Assessment of advanced treatment of secondary effluent by ClO2 shows the considerable effect of this gas in reducing the remained pollutants of these effluents. Moreover, ClO2 has been shown to be an effective disinfectant for bacterial indicators. Safe production of ClO2 is possible by the direct acid system and required amounts for effluent polishing would be reduced by modifying the performance of treatment plants to have a typic effluent at all times and even further by upgrading them to produce effluents with a new standard of 10/10 for example by employing a filtration step prior to ClO2 injection.
ClO2 treatment seems to be an acceptable treatment technology to ensure good effluent quality for reuse applications such as agricultural and landscape irrigation and even for all the other urban non-potable applications when it is employed for filtered effluents. One final but important point for ClO2 treatment concerns the required time.
3. Microbiology Process
COD reduction process by the method of using bacteria or microorganisms, devoted to COD derived from organic matter with a high content of biodegradable. This process is done in two main ways,
In the aeration process, COD is reduced by making the bacteria can break down organic compounds in water. These bacteria are called heterotrophic bacteria that break down organic compounds due to the use of oxygen. This process is usually used in wastewater with a COD of less than 3000 mg / L.
In the process of anaerobic bacteria work in a room with minimal oxygen content. This process is also called fermentation, in which bacteria break down autotroph working with organic compounds from wastewater with three stages of one of them is by taking oxygen from organic compounds. The anaerobic process is suitable for wastewater with BOD levels over 2000 mg / L.
Before deciding whether to take this method, it is important for you to understand what types of wastewater that you face. Because the microbiological process is only suitable for wastewater with organic contents. You can determine this by looking at the comparison between COD and BOD.
4. Process Filtration and Adsorption with Activated Carbon
This process is used after the primary treatment of wastewater to reduce the COD and BOD of water. Usually used as an activated carbon filter. Activated carbon will absorb organic substances, ozone, or chlorine substances remaining on the processing results. So safe effluent to be discharged into the environment. Filtration using activated carbon is also commonly used in water treatment processes to remove odors and reduce the chemicals in the water.
5. COD Reducement using Precipitation Process (Coagulation)
Most of the COD is sourced from the TSS or no dissolved solids commonly called sludge. The most important way to get rid of the sludge is to use coagulants and flocculants. The principle is to bind the sludge to one another so that a larger clump of sludge and then be deposited in a sedimentation tank.
Some chemicals commonly used as a coagulant, among others; PAC, FeCl3 (Ferric Chloride), and Alum.

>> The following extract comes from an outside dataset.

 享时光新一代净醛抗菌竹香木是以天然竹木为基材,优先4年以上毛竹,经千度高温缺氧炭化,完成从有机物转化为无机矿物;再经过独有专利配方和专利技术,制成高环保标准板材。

This deposition process will greatly affect the value of COD. Especially in wastewater with a high enough amount of TSS. COD reduction process in order to become more perfect, it is advisable to give more concern to the process of mixing and sedimentation. Due to the proper mixing process, the precipitation reaction that occurs will be less than perfect. Some processes similar to this is the process of using MBR, SBR, or SMBR Reduce COD with Oxidation.

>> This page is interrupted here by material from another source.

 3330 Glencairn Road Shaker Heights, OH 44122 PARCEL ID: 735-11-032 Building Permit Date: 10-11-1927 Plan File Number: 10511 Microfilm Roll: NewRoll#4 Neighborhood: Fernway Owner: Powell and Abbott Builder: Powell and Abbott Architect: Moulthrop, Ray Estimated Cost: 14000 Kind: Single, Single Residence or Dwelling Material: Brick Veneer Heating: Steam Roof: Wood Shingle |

Some chemicals can help you to reduce the COD of wastewater. Chlorine, Hydrogen peroxide, and Ozone will oxidize chemicals in the water so that the automatic COD value will go down. But of course, you should limit dose usage of oxidation, because oxidation possesses sufficient affection, especially for living organisms. COD reduction technique is suitable for waste has COD values derived from non-biodegradable waste such as Phenol, surfactants, etc.